Despite validation studies showing good psychometric properties for both tools, real-world bedside documentation by nurses often shows variable agreement with researcher-administered reference-standard assessments. This gap limits the utility of routine clinical delirium documentation for observational research, quality measurement, and pragmatic trials conducted using electronic health records (EHRs).
Study design
Setting and population
Toth et al. analyzed prospectively collected, matched daily delirium assessments from critically ill adults with acute respiratory failure or sepsis admitted to intensive care units in a large academic health system in southwestern Pennsylvania. Between bedside nurses and trained researchers, paired assessments were used to compare delirium ascertainment.
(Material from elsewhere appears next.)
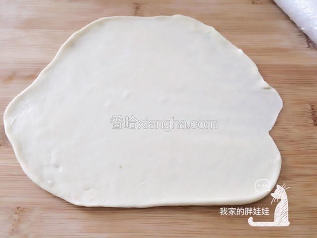 5.此时倒少许食用油在手里,拿一个剂子揉揉,然后用擀面棒擀开

Assessments and reference standard
Bedside nurses documented the ICU Delirium Screening Checklist (ICDSC) in routine care. Trained research staff performed CAM-ICU assessments, which served as the reference standard for the analyses. Assessments were matched temporally (same ICU day) and limited to noncomatose patients for the primary analyses.
Analytic approach
The authors first compared delirium classification by the established ICDSC cutoff (ICDSC ≥ 4 = delirium) with the CAM-ICU, quantifying agreement using Cohen’s kappa. They then developed logistic regression models to predict a positive CAM-ICU using varying degrees of ICDSC information and readily available clinical variables: components of the ICDSC (individual item scores), mechanical ventilation status, and admission Sequential Organ Failure Assessment (SOFA) score. Models were internally validated using ten-fold cross-validation and evaluated with discrimination metrics (AUC) and F1 scores to balance sensitivity and precision. Sensitivity analyses assessed performance of models using more limited ICDSC information to simulate scenarios where full item-level data might not be available in an EHR.
Key findings
Study sample: 1,535 matched nurse-to-researcher assessments from 279 patients.
Agreement using established ICDSC cutoff
Using the standard ICDSC threshold (≥4) produced only moderate agreement with researcher-administered CAM-ICU assessments (Cohen’s kappa = 0.42). This finding echoes prior reports that simple dichotomization of bedside ICDSC scores can misclassify delirium compared with research-standard evaluations.
Model-informed prediction
The most comprehensive logistic regression model—leveraging individual ICDSC item data plus mechanical ventilation status and admission SOFA—achieved good discrimination for predicting a positive CAM-ICU (AUC = 0.87). Performance was stable in internal validation (ten-fold cross-validation), with an F1 score of 0.72, indicating an encouraging balance of sensitivity and positive predictive value.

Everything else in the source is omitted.